September 25, 2013 at 9:37 am #82
This “philosopher” has recently been brought to my attention. I don’t know too much about him but read a few of his writings and am already very much biased against him as to whether he’s even a philosopher at all or merely is a theist in philosopher clothing.
Following is a mental exploration. This is how Plantinga “solved” the problem of evil. For those unfamiliar with problem of evil, here it is in syllogistic form:
1 An all-powerful (omnipotent) God could prevent evil from existing in the world.
2 An all-knowing (omniscient) God would know that there was evil in the world.
3 An all-good (omnibenevolent) God would wish to prevent evil from existing in the world.
4 There is evil in the world.
therefore. “Given that the fourth proposition would appear to be undeniable, it can be inferred from the above that one of the other three must be false, and thus there cannot be an all-good, all-knowing and all-powerful God.”
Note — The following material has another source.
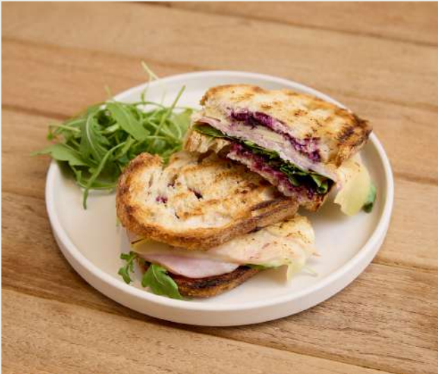
Ham & Cheese Sourdough — 240 Smoked Ham, emmental, homemade jam, rocket.

As Plantinga summarised his defense:
A world containing creatures who are significantly free (and freely perform more good than evil actions) is more valuable, all else being equal, than a world containing no free creatures at all. Now God can create free creatures, but He can’t cause or determine them to do only what is right. For if He does so, then they aren’t significantly free after all; they do not do what is right freely. To create creatures capable of moral good, therefore, He must create creatures capable of moral evil; and He can’t give these creatures the freedom to perform evil and at the same time prevent them from doing so. As it turned out, sadly enough, some of the free creatures God created went wrong in the exercise of their freedom; this is the source of moral evil. The fact that free creatures sometimes go wrong, however, counts neither against God’s omnipotence nor against His goodness; for He could have forestalled the occurrence of moral evil only by removing the possibility of moral good.
Plantinga’s argument is that even though God is omnipotent, it is possible that it was not in his power to create a world containing moral good but no moral evil; therefore, there is no logical inconsistency involved when God, although wholly good, creates a world of free creatures who chose to do evil.] The argument relies on the following propositions:
There are possible worlds that even an omnipotent being can not actualize.
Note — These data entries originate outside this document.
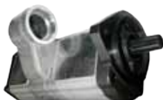
Hydraulic Pump 4200 4300 5300 Tandem
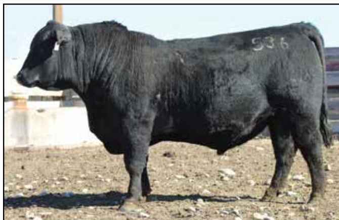
Marcys Cedar Ridge 536 – Sire of Lots 86, 87, 88 &amp; 96 in this sale. His females have tremendous udders.
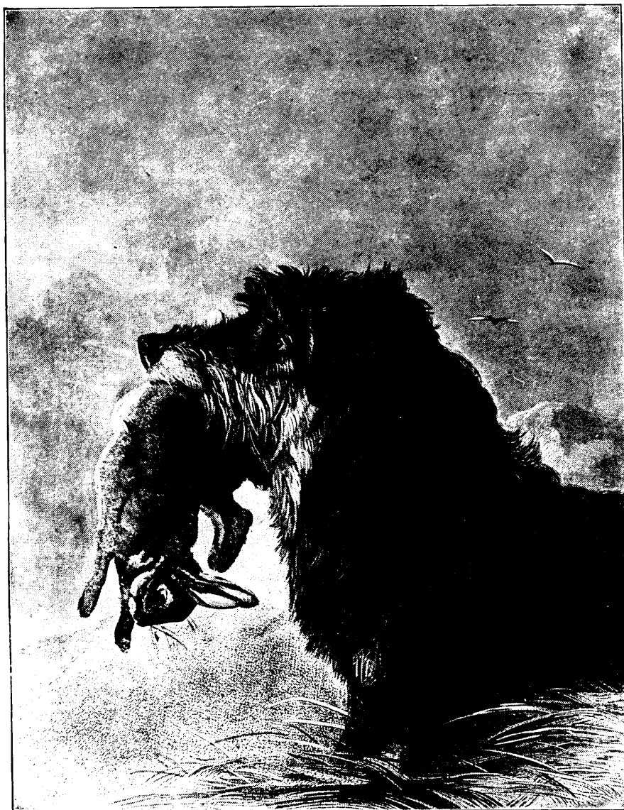
RETRIEVER AND RABBIT.

Yankee Doodle comes to town, Possessed of many a "pony;" Bringing his lovely daughter with A view to Ma tri-mo-ny. Yankee doodle-doodle-doo! The dollars come in handy, Even to Dooks who have too few But know the Ars Amandi . Yankee Doodle rails at rank, That is for home consumption; But at swell relatives the Yank Don't kick—he's too much gumption. Yankee doodle-doodle-doo! Love is sweet as candy, His daughters "reckon" blood that's blue Scarce spoils the British dandy.

A world with morally free creatures producing only moral good is such a world.
In short: “It is possible that God, even being omnipotent, could not create a world with free creatures who never choose evil. Furthermore, it is possible that God, even being omnibenevolent, would desire to create a world which contains evil if moral goodness requires free moral creatures.”
1 God is not omnipotent -> Plantinga is cherry picking the definition of the word “omnipotent” to be defined as everything only God is capable of but not capable of creating a being that he has control over.
2 God is not omnibenevolent -> Plantgina does not preclude that God punishes those who are morally “bad”, therefore, God produces beings knowing eventually they will become morally bad. And, instead of punishing himself for producing morally corrupt beings, he punishes the corrupt beings. So, God is not omnibenevolent but an irresponsible God who makes his creatures take his blame or/and a perverse God who create beings specifically for the purpose of punishing them.
To me, he hasn’t solved a single thing but merely did a hocus pocus job of redefining what “omnipotent” and “omnibenevolent” means.